Work instruction
Your copy should begin at the line containing "Acne Totol SR12, Treatment" and end at the last line of the records; transcribe those lines exactly and leave out every picture.

Dataset records

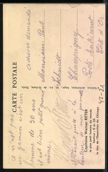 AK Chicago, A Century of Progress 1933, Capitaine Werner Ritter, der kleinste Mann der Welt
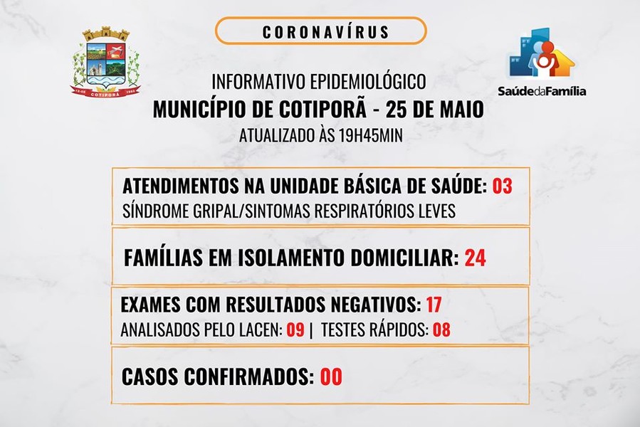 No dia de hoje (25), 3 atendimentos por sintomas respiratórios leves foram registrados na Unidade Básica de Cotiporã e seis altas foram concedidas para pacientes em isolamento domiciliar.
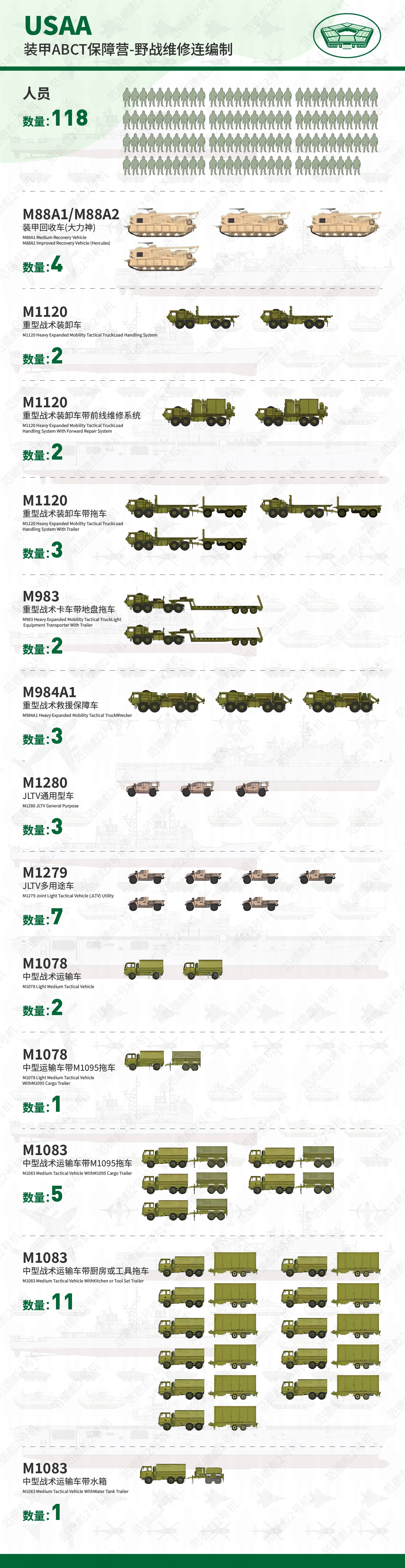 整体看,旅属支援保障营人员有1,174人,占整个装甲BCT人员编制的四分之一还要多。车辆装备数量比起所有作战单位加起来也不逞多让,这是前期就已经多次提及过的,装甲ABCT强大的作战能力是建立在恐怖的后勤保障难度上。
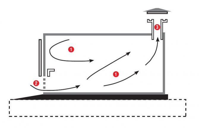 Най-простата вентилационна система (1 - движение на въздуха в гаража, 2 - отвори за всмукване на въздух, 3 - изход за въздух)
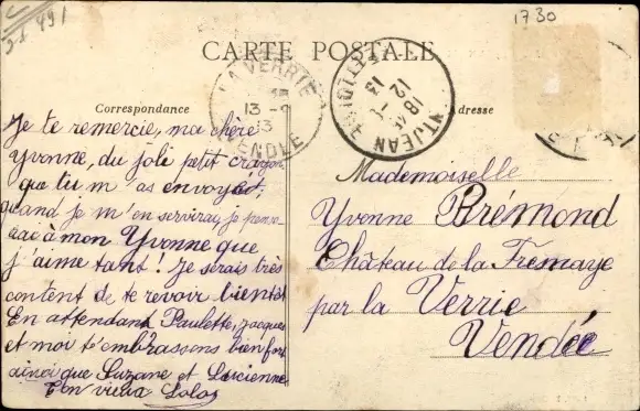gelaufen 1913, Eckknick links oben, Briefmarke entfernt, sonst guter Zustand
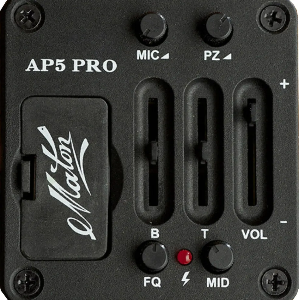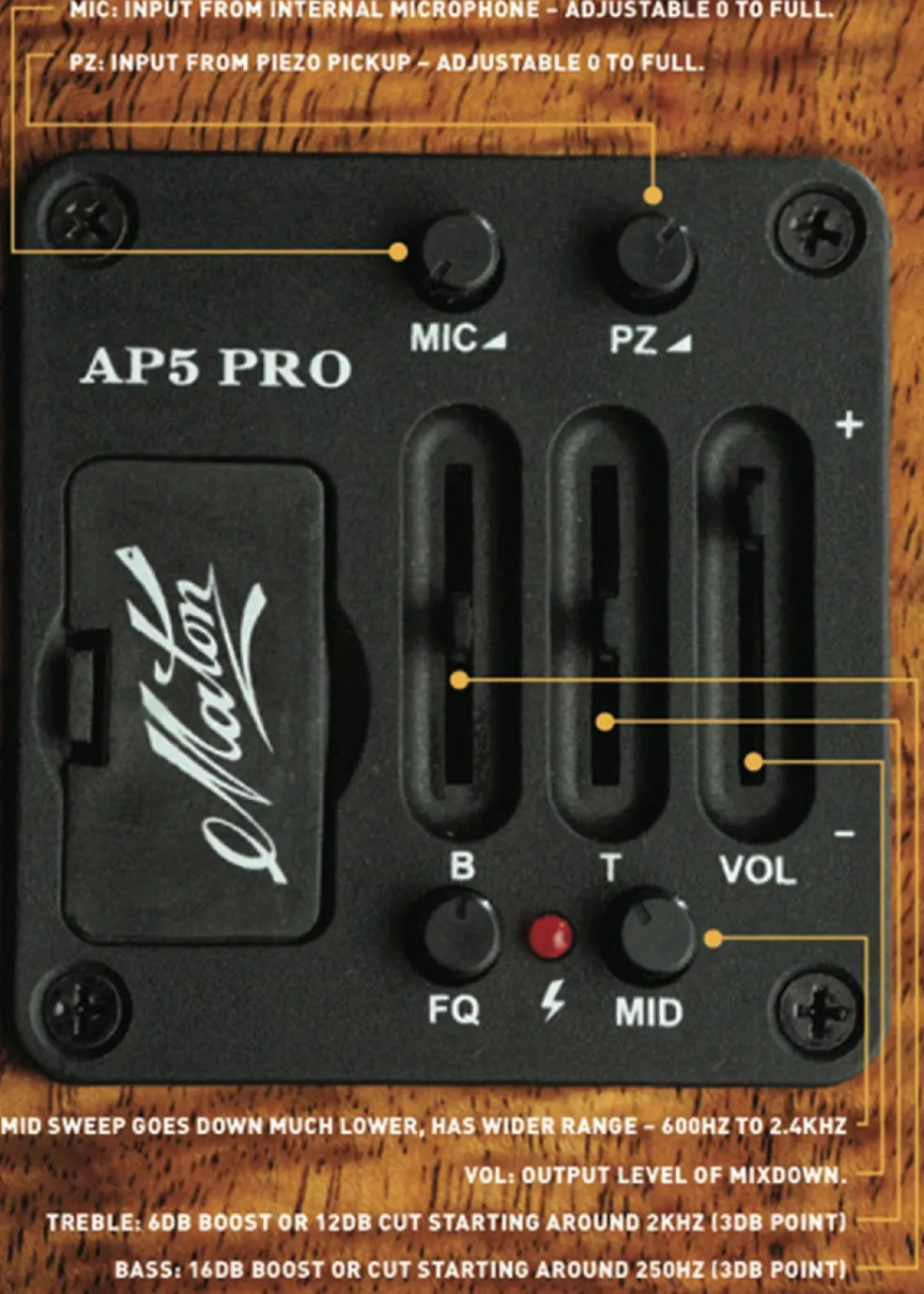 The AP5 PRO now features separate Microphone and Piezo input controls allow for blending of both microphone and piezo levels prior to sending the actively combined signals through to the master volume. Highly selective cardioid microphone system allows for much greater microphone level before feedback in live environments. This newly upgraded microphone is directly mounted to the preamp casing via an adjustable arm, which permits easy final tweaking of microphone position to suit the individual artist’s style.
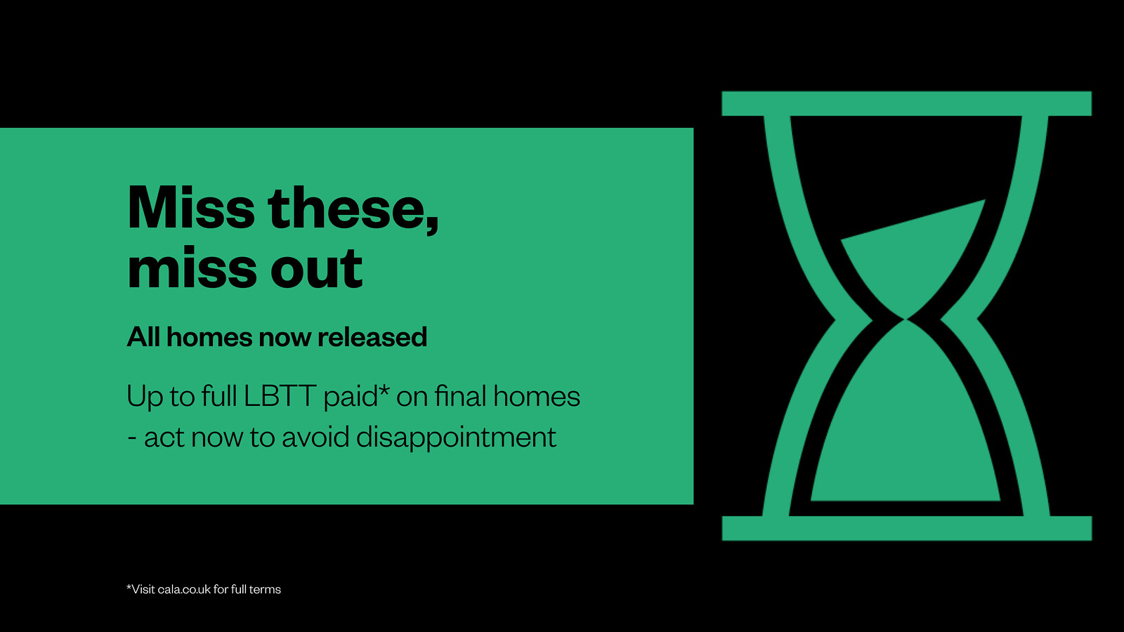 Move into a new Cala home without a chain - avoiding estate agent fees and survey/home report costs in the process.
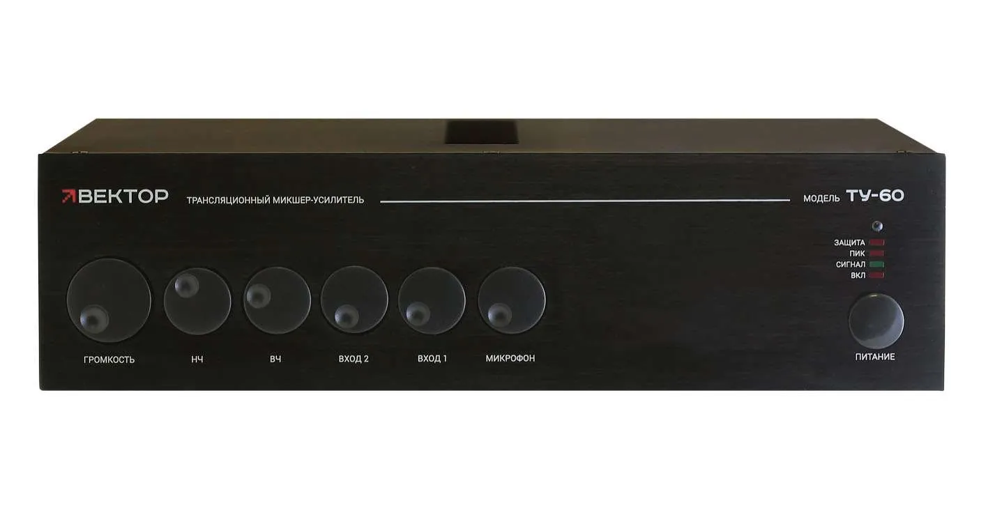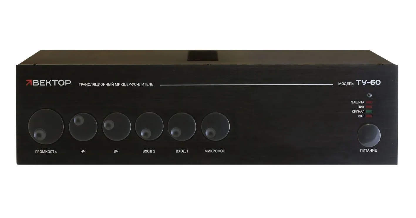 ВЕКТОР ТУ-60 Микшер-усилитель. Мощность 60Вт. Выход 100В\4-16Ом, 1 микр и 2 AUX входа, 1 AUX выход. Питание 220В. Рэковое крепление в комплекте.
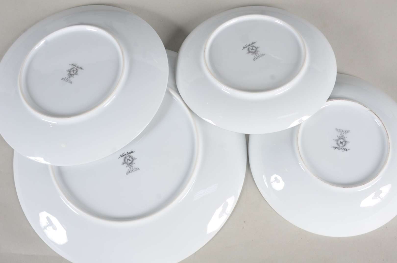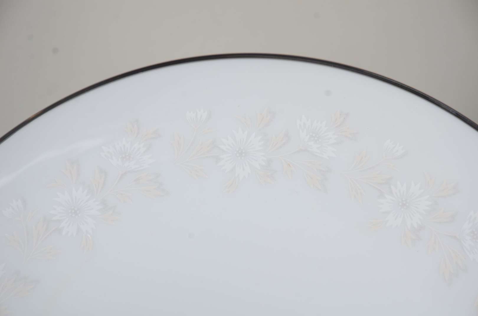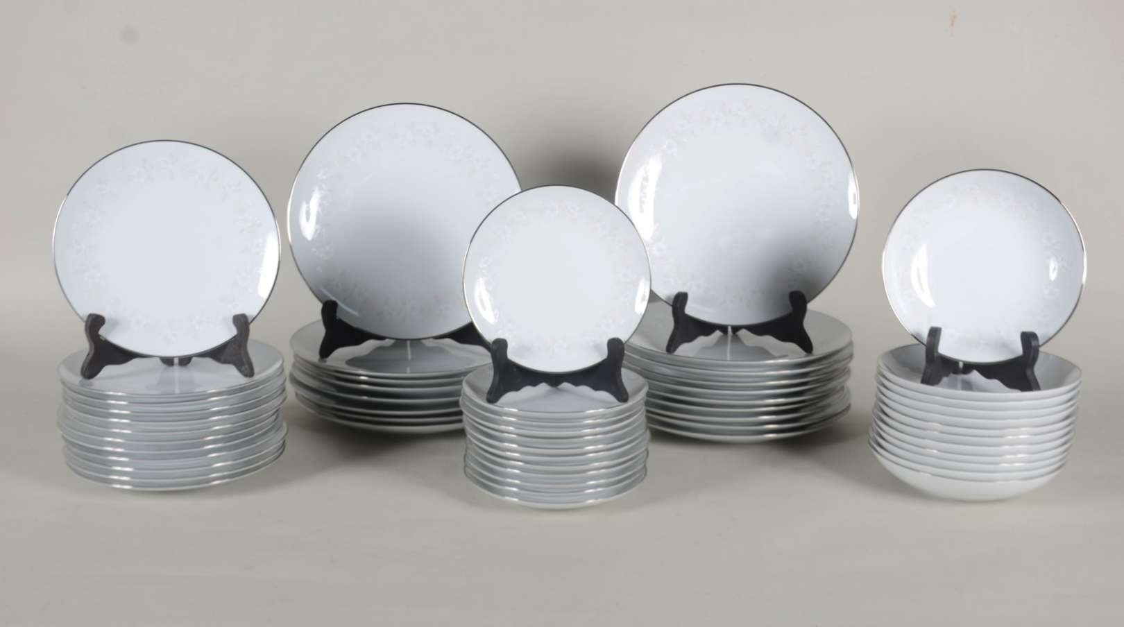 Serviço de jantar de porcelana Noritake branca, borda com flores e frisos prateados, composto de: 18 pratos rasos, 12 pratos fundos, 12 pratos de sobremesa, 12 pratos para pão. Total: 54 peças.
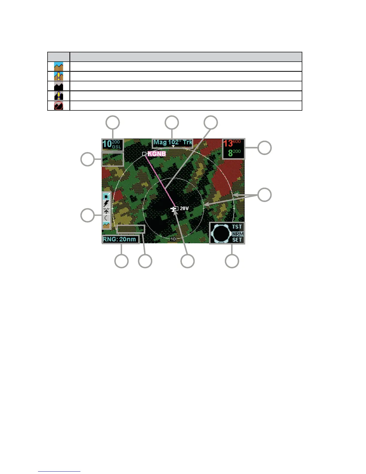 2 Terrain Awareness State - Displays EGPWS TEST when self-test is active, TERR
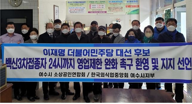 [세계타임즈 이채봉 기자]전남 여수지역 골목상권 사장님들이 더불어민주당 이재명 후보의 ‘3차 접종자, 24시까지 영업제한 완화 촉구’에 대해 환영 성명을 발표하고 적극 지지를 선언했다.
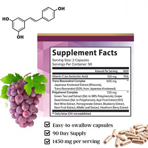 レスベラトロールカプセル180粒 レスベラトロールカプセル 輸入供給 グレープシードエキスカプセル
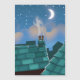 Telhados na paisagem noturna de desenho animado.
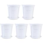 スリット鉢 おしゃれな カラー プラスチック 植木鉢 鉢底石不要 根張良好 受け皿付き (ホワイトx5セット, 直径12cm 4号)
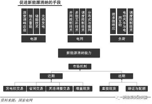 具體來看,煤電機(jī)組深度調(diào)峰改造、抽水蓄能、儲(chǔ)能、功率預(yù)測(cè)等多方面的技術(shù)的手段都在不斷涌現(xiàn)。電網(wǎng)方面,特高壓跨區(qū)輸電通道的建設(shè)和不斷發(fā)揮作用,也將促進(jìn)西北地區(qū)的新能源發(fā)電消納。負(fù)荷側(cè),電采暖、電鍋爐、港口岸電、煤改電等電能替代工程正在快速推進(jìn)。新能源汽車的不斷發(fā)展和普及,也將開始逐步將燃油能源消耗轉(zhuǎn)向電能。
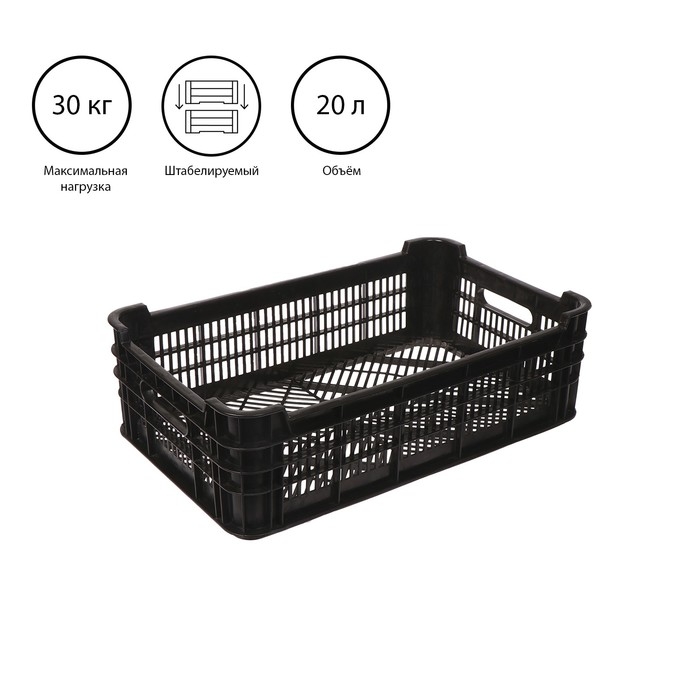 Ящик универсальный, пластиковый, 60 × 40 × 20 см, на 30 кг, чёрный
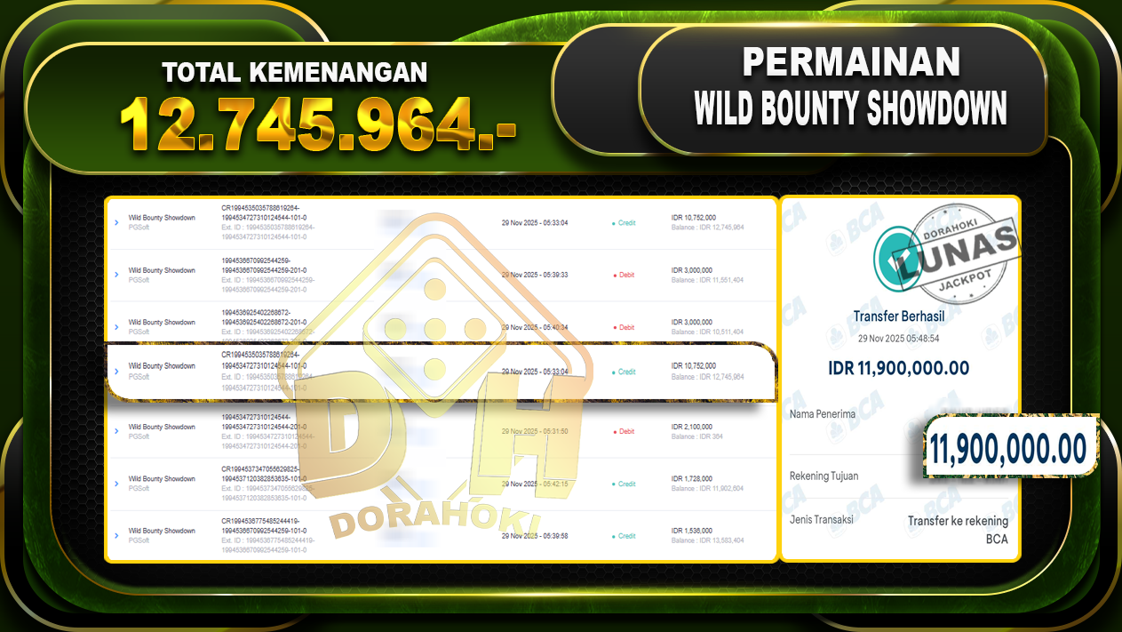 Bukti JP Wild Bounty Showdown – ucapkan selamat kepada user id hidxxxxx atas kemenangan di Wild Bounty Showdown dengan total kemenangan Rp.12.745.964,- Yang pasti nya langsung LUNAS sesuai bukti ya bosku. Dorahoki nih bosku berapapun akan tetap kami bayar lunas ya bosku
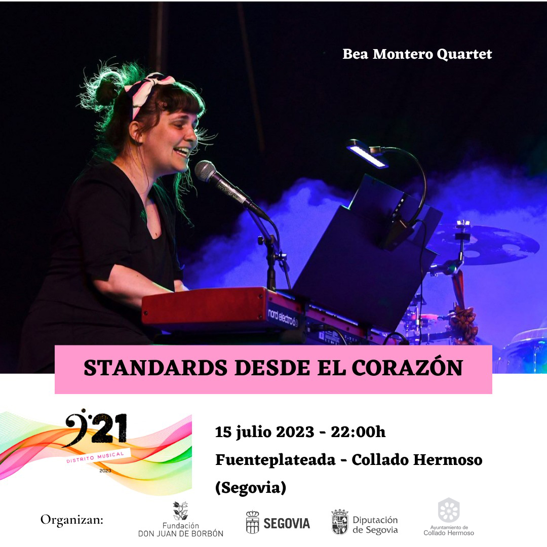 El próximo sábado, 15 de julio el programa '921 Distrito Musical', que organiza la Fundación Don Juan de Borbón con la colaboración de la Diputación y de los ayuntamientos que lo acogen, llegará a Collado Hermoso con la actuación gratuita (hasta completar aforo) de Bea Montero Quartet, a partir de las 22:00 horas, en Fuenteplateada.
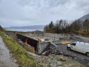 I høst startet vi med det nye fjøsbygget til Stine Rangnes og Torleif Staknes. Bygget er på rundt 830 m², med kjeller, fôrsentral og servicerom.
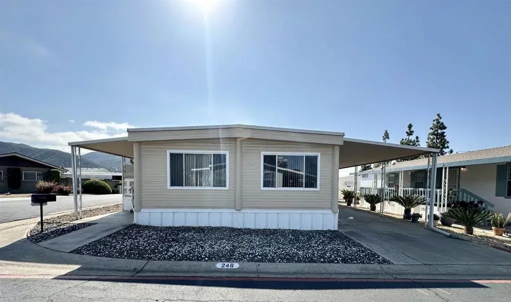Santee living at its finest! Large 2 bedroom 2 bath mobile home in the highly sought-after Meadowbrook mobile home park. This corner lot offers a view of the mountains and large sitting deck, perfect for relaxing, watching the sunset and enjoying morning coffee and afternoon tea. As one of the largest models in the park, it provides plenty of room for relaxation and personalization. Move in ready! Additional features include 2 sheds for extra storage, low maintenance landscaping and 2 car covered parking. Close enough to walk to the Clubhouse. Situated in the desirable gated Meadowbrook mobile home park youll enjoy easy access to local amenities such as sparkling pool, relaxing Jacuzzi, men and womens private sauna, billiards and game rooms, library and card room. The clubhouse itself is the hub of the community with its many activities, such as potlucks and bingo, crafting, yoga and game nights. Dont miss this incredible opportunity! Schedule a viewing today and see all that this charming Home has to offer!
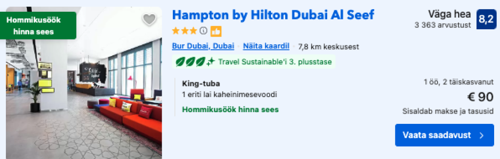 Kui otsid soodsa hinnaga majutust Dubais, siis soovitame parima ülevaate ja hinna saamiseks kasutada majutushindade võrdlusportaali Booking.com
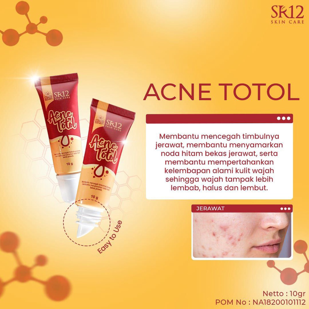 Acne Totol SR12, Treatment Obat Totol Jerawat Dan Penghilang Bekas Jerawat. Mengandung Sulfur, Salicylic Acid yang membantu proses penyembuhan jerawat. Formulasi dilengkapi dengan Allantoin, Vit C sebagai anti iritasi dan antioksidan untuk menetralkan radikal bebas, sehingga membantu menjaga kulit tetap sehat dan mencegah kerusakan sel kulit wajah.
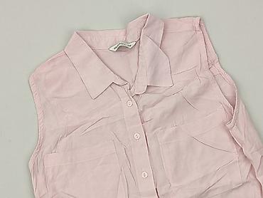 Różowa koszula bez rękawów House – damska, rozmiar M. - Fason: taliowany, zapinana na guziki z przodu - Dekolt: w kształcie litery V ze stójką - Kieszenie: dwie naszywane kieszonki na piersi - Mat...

Final answer
 Acne Totol SR12, Treatment Obat Totol Jerawat Dan Penghilang Bekas Jerawat. Mengandung Sulfur, Salicylic Acid yang membantu proses penyembuhan jerawat. Formulasi dilengkapi dengan Allantoin, Vit C sebagai anti iritasi dan antioksidan untuk menetralkan radikal bebas, sehingga membantu menjaga kulit tetap sehat dan mencegah kerusakan sel kulit wajah.
 Różowa koszula bez rękawów House – damska, rozmiar M. - Fason: taliowany, zapinana na guziki z przodu - Dekolt: w kształcie litery V ze stójką - Kieszenie: dwie naszywane kieszonki na piersi - Mat...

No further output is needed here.